Слушай, я недавно столкнулась в студии с одним летчиком гражданской авиации. Он узнал меня. Не как актрису, конечно. Помнишь пятьдесят девятый год, старый аэродром? Мы встречали с тобой ЛИ-2? Перед самым приземлением он вдруг как-то просел вниз, и ты с силой пригнул меня, и мы упали лицами в пыльную полынь. А потом прибежал летчик и, ужасно матерясь, набросился на нас. Ты должен его помнить — высокий, беленький, как лен, татарин Фархад. Оказывается, этот летчик сумел пробиться в непогоду к геологам и вытащил их из какой-то неприятности. Его попросили выступить по телевидению.
И вообще тот далекий день был замечательный. Мы пошли с тобой в кафе-ресторанчик. Ты был прямо-таки нежен и внимателен.
Иногда страшно хочется видеть тебя. Нет, я не жалуюсь, не бешусь с жиру. Но все же, «что знаешь ты? Чего не знаешь ты? Нам вечно некогда, мы в жизни — дети прозы. Нам достаются, как всегда, шипы, но ведь кому-то достаются розы?»
Можешь поздравить: дебютировала в телевизионном спектакле.

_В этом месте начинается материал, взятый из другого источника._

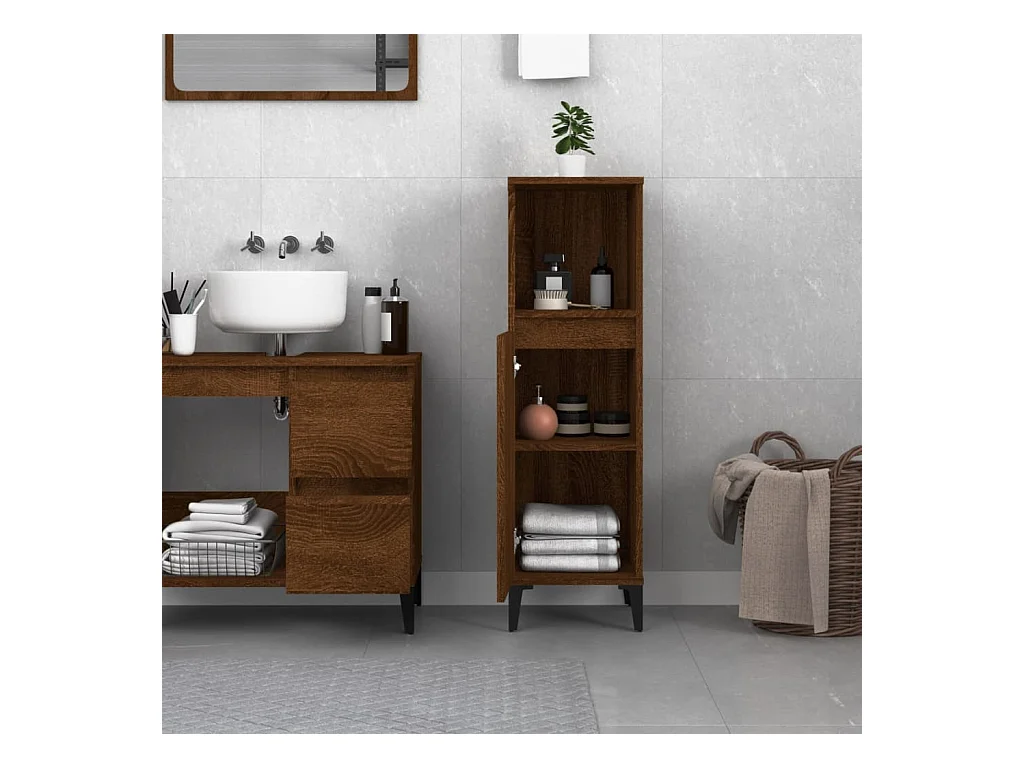 Armoire de bain chêne marron 30x30x100 cm bois d'ingénierie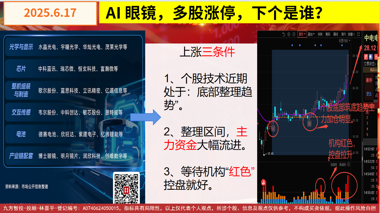 2、题材演绎上:留意AI眼镜方向,逻辑是:事件催化不断,另外个股处于低位,且有主力加仓。
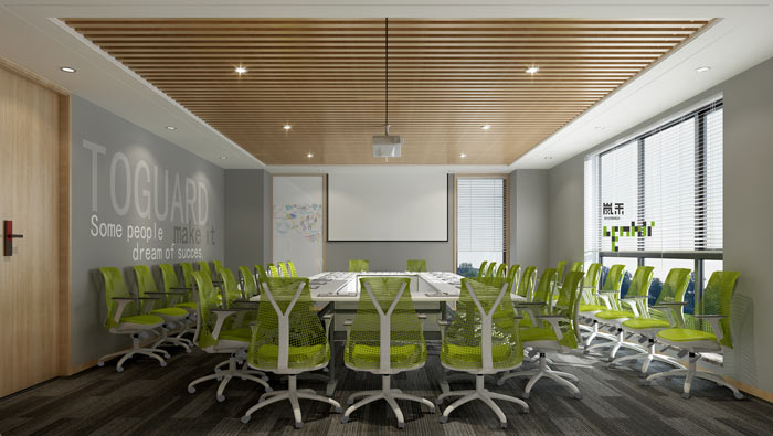 科技公司辦公室接待室設計:這里是企業接待客戶的地方,這里的氛圍非常正式,這表明了企業重視每一個客戶,通過這種重視讓客戶感受到來自企業的尊重。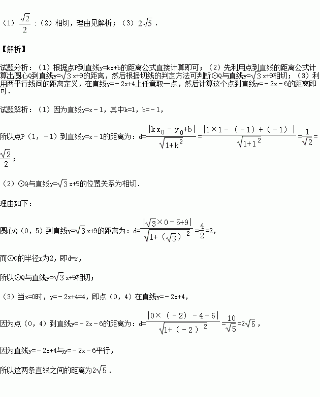 (1)求点P(1,﹣1)到直线y=x﹣1的距离;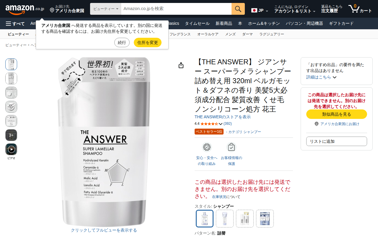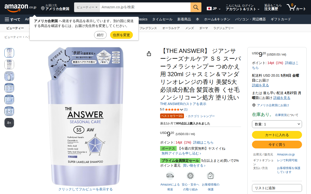 This page is the product listing for THE ANSWER Seasonal Care SS Super Lamella Shampoo refill (320ml) on Amazo...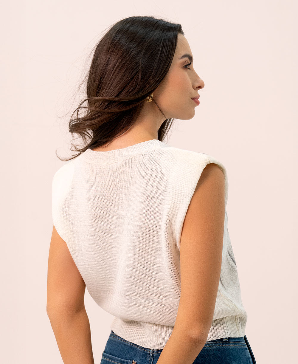 Blusa Blanca manga sisa tejida, elaborado en un punto liviano de tacto suave, destaca por su diseño contemporáneo con acabado desgastado tipo brochazo que aporta un toque urbano y sofisticado. Su silueta recta y relajada ofrece comodidad y un fit favorecedor, ideal para combinar con denim o prendas de cintura alta. El cuello redondo rib y el detalle metálico tipo cadena ornamental en la parte frontal elevan el look, logrando una mezcla perfecta entre sencillez y estilo moderno.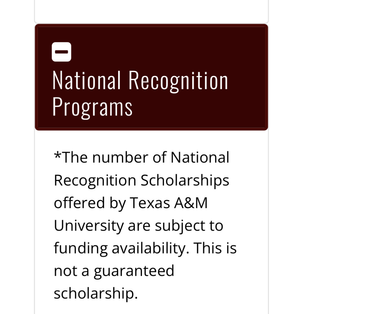 @AETX she was awarded PES (President’s Endowed), which is automatic for NM S/F, but only if spots are available for limited Commended. Commended have a chance-based on heavy leadership/awards/community involvement/academics ( but all based on how many NM S/F decided to attend A&M, and how many spots-if any- are left).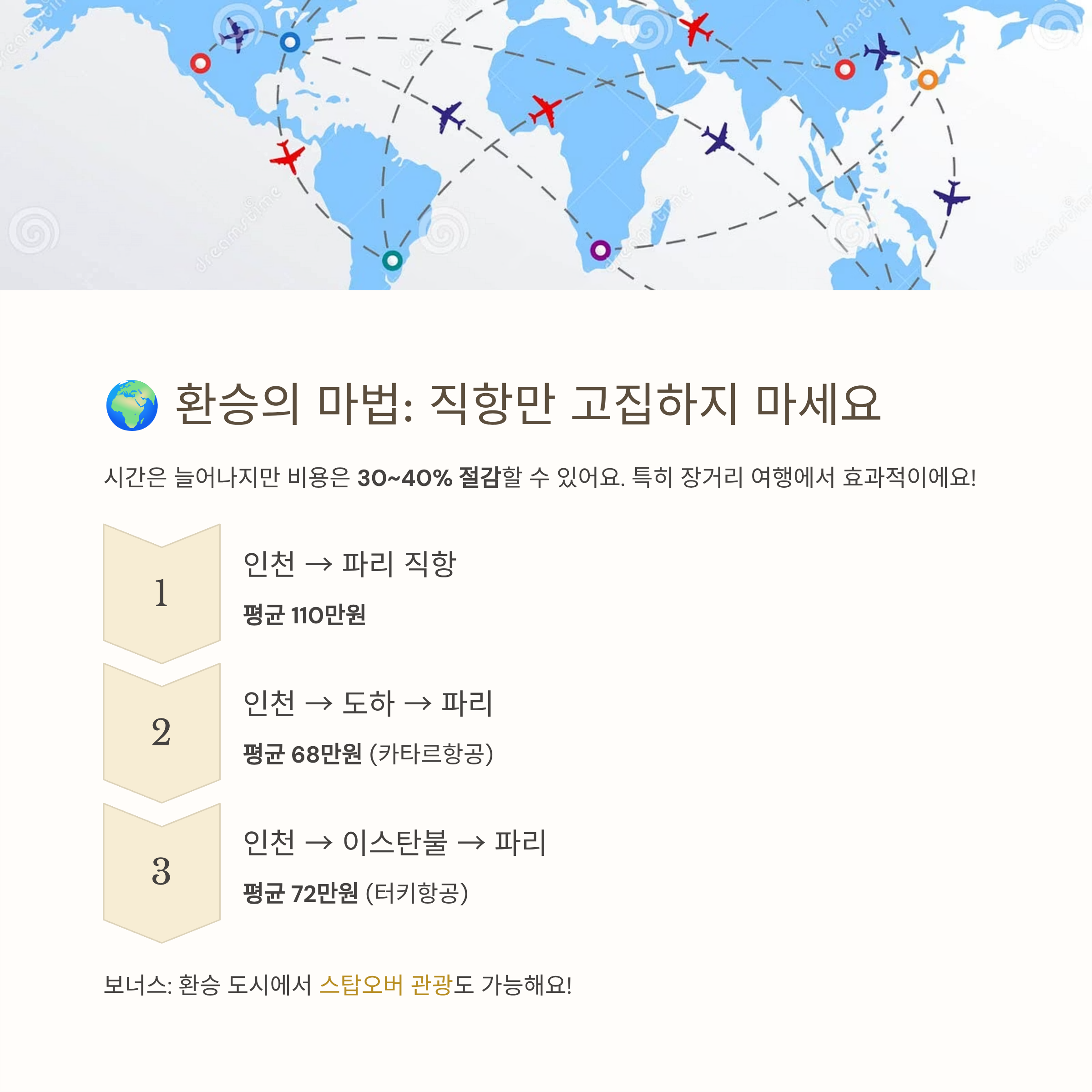 🌍 4. 직항만 고집하지 마라, 환승 노선의 마법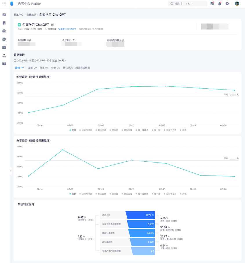 内容評估中心:Harbor 目前支持對内容質量進行多維度評估並(bìng)打分,發現人工審核容易忽視的問題,也有助於沉澱優質内容模闆,方便後續打造「爆款内容」。比如,針對标題,可評估「簡潔性」「獨特性」「情感因素」「誘導性」等;針對正文,可評估「可讀性」「主觀性」「文章結構」等;針對圖片,則可進行「清晰度」「水印檢測」「圖文相關性」等評估。此外,通過發布後内容的數據埋點,對「PV」「UV」「閱讀時長」「轉化率」等核心數據也能一目瞭(le)然。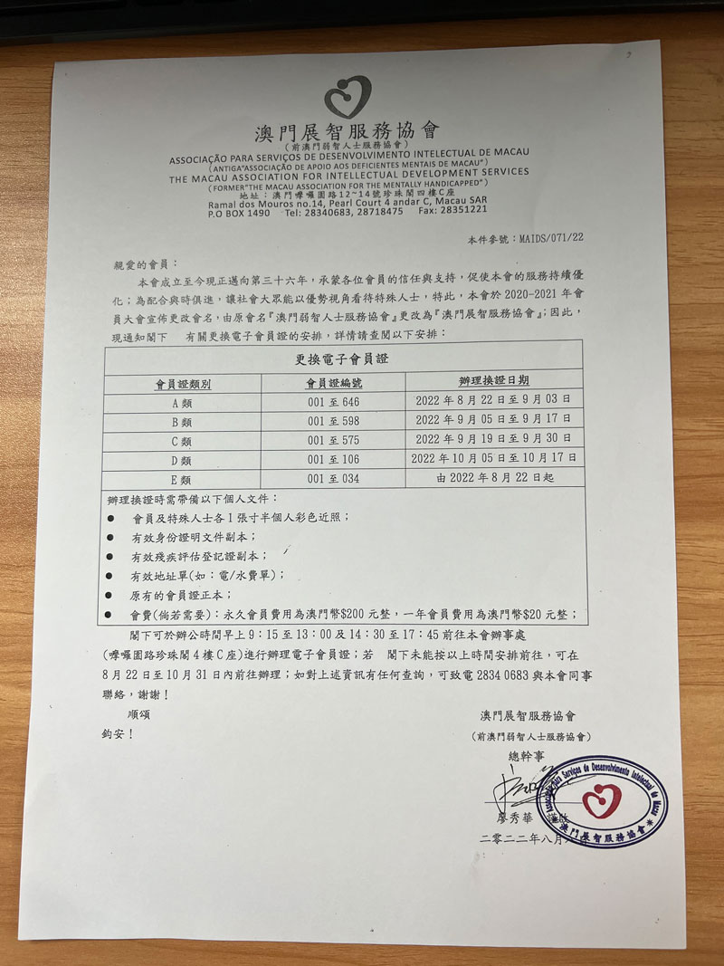 本會成立至今現正邁向第三十六年,承蒙各位會員的信任與支持,促使本會的服務持續優化,並於2020-2021年會員大會宣佈更改會名,由原會名『澳門弱智人士服務協會』更改為『澳門展智服務協會』;並於今日起正式開始更換會員證,有關更換電子會員證的安排,詳情請查閱以下安排: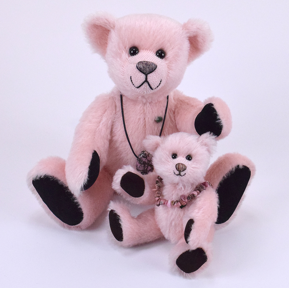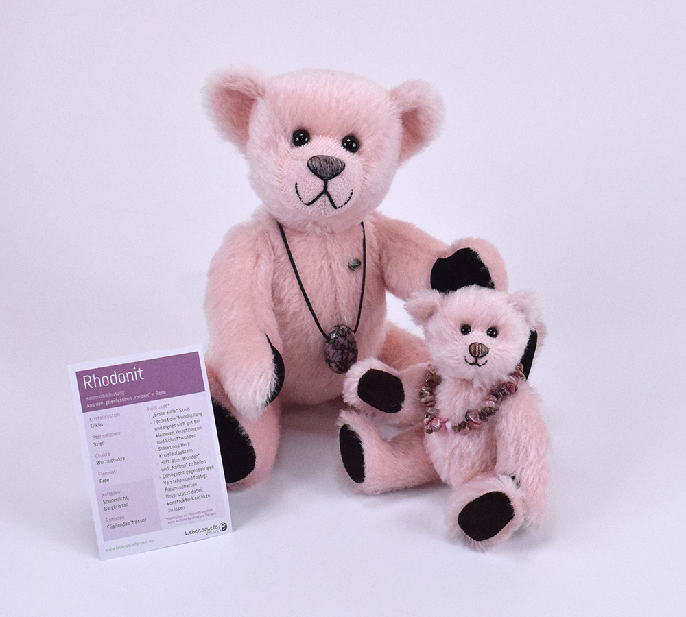 Dieser besondere 18 cm große Mohairteddy ist mit weichem Vlies gefüllt und trägt einen echten, rosafarbenen Rhodonit-Anhänger – ein Unikat aus 100 % Edelstein. Die abnehmbare Armband ist ein schönes Schmuckstück, das auch separat getragen werden kann. Da jeder Stein in seiner Form variiert, ist jedes Exemplar einzigartig.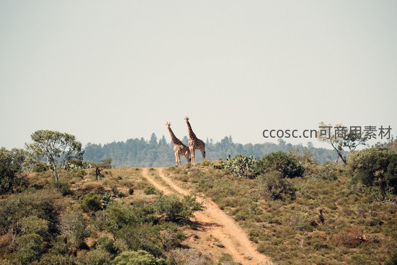 两只长颈鹿并肩伫立在非洲草原的小径尽头,周围灌木丛生,远处林线隐约可见,它们悠然眺望远方,成为这片宁静天地中最优雅的风景。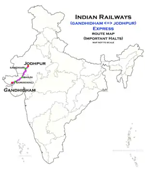 The 22483/22484 Gandhidham–Jodhpur Express is a Superfast train belonging to North Western Railway zone that runs between Gandhidham Junction and Jodhpur Junction in India. It is currently being operated with 22483/22484 train numbers on tri-weekly basis.[1][2]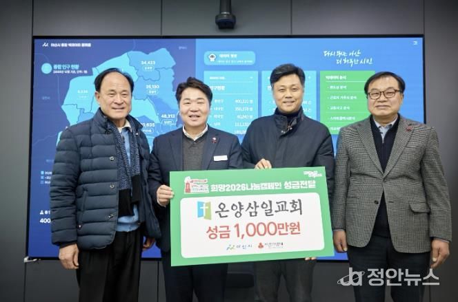 정안뉴스 황도연 기자 | 온양삼일교회가 지역사회를 향한 따뜻한 나눔을 실천했다. 온양삼일교회는 지난 6일 아산시를 방문해 희망2026나눔캠페인 성금 1천만 원을 기탁하여 취약계층을 위해 사용해 달라는 뜻을 전했다.
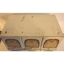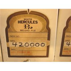TIN DRUGGIST FILE BOX. White painted tin file box with six doors in front. Doors are marked with paper label "White Hercules-Record File-Drug Package Inc.-O'Fallon-Missouri". Original files from 1962 and 1963 are included in all 6 compartments. 12.75" H, 15.5" W, 9.5" D

Играла Галину Петровну в «Законе моего сердца». И, говорят, даже успешно. Видишь, я какая. Не читал отзывы в газетах?
Я часто пытаюсь представить тебя на работе. И примерно, в общих чертах, знаю, почему тебе «плохо». Наверно, снова что-нибудь с принципиальностью? Мне еще давно рассказывал Андрей Осташков — привет ему! — как ты поднял какую-то бузу, будучи на практике. Примерно то же, я угадала?
Помнишь мои слова о том, что я боялась тебя? Представляю, каково мне пришлось бы с тобой, с твоей неуступчивостью, с поистине цыганским упрямством, свойством лезть на рожон, когда его безболезненно можно обойти. Ну, конечно же, я мещанка, я знаю жизнь, умею лавировать. А что в этом плохого, если на то пошло? Просто это квалифицируется как разумный подход к жизненным обстоятельствам. Видишь, учу тебя жить.